- Born: January 8, 1870 New York City, U.S.
- Died: August 21, 1968 (aged 98) Guilford, Connecticut, U.S.
- Parent(s): William Thompson Lusk Mary Hartwell Chittenden Lusk
- Relatives: Graham Lusk (brother) Simeon B. Chittenden (grandfather)

= Anna Hartwell Lusk =

Anna Hartwell Lusk (January 8, 1870 – August 21, 1968) was an American socialite during the Gilded Age.

==Early life==
Anna Hartwell Lusk was born in New York City on January 8, 1870, the daughter of Prof. William Thompson Lusk and Mary Hartwell (née Chittenden) Lusk.

Her mother died, aged 31, when Anna was 1 year old. A 13-day-old sister, Lily Adams Lusk, died in September 1871, a year and a half after Anna's birth. Chittenden Memorial Library at Yale University was built in honor of Anna's mother. Among her surviving siblings were elder brother was Dr. Graham Lusk (a physiologist and nutritionist), who married Mary Woodbridge Tiffany (a daughter of Louis Comfort Tiffany); Mary Elizabeth Lusk, who married journalist and author Cleveland Moffett; and Dr. William Chittenden Lusk, who, like Anna, did not marry. Her father was an Adjutant-General in the United States Volunteers during the Civil War.

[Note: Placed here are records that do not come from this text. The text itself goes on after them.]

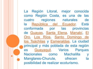La Región Litoral de Ecuador, también conocida como Región Costa, está formada por llanuras fértiles, colinas y cuencas sedimentarias a lo largo de la costa del Océano Pacífico. Incluye siete provincias que ofrecen playas y balnearios populares, así como parques nacionales que permiten ecoturismo. La principal ciudad y puerto es Guayaquil.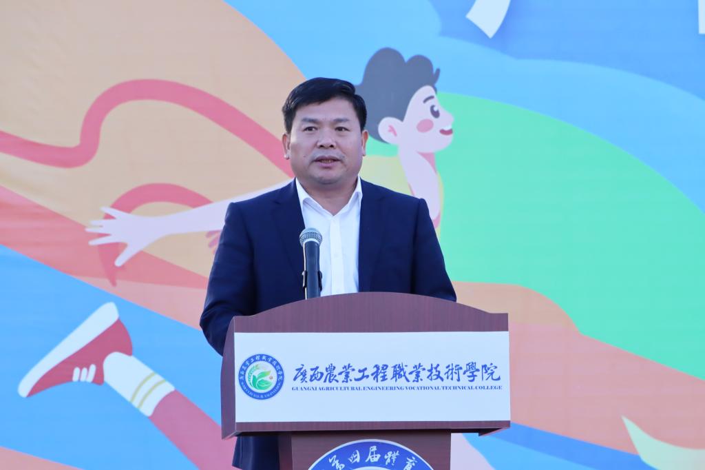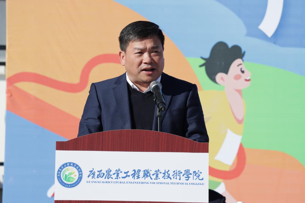 11月20日上午,运动会正式拉开序幕。学校党委书记马敏,党委副书记、校长李振科,副校长李祖培,副校长莫嘉凌,总会计师韦炜出席开幕式,全体教职工及全体在校学生参加了开幕式。党委副书记、校长李振科为运动会开幕式致辞,他在致辞中表示,学校将坚持不懈用习近平新时代中国特色社会主义思想铸魂育人,扎实落实立德树人根本任务,坚持德、智、体、美、劳五育并举,不仅传授专业知识与技能,更注重培养吃苦耐劳的职业素养、终身学习的综合能力与服务三农的责任担当。他希望全体运动员以饱满的热情、昂扬的斗志投入到比赛中,牢记“友谊第一、比赛第二”的精神,遵守比赛规则,服从裁判指挥,注意比赛安全,在赛场中展现农工院学子奋勇争先、团结协作的体育道德风尚,将运动激情转化为深耕农业、科技兴农的奋进力量。随后,在全体师生的热烈掌声中,党委书记马敏宣布广西农业工程职业技术学院第四届运动会正式开幕!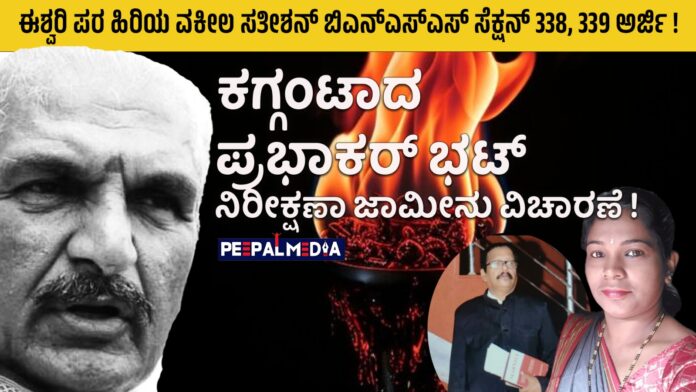 ಈಶ್ವರಿ ಪರ ಹಿರಿಯ ವಕೀಲ ಸತೀಶನ್ ಬಿಎನ್‌ಎಸ್‌ಎಸ್‌ ಸೆಕ್ಷನ್ 338, 339 ಅರ್ಜಿ! ಕಗ್ಗಂಟಾದ ಪ್ರಭಾಕರ್ ಭಟ್ ನಿರೀಕ್ಷಣಾ ಜಾಮೀನು ವಿಚಾರಣೆ!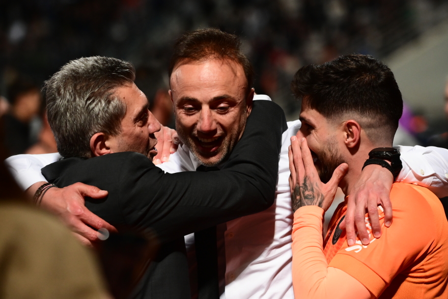 Ο αρχηγός Βασίλης Λαμπρόπουλος που δεν ξεκίνησε βασικός σήκωσε τα χέρια του Νίκου Τζώρτζογλου ο οποίος δάκρυσε.

Her maternal grandparents were Mary Elizabeth (née Hartwell) Chittenden (Note: Mary Elizabeth (née Hartwell) Chittenden (1815–1852), was the daughter of Sherman Hartwell, himself the nephew of American founding father Roger Sherman and his first wife, Elizabeth (née Hartwell) Sherman.) and U.S. Representative Simeon B. Chittenden. Her paternal grandparents were Sylvester Graham Lusk and Elizabeth Freeman Lusk (née Adams).

==Society life==
In 1892, Anna, listed as "Miss Lusk", was included in Ward McAllister's "Four Hundred", purported to be an index of New York's best families, published in The New York Times. Conveniently, 400 was the number of people that could fit into Mrs. Astor's ballroom.

In 1907, Lusk purchased land from the Paul Smith Hotel Company and hired architect Grosvenor Atterbury to design a "camp" for her, in the Queen Anne style, on Upper St. Regis Lake in New York's Adirondack mountains, adjoining the camp of her brother, known as "Camp Comfort" in Brandreth Park. The camp, which was opened in 1908, "[was to] be one of the most elaborate and extensive of the entire chain of lakes" and featured a two-story living hall with a "monumental fieldstone fireplace." Anna sold the camp to Dr. and Mrs. A. S. Chase of New York around 1921.

==Personal life==
Lusk, who did not marry, died at age 98 in Guilford, Connecticut, where she had lived for many years, on August 21, 1968. She was buried in Woodlawn Cemetery in the Bronx.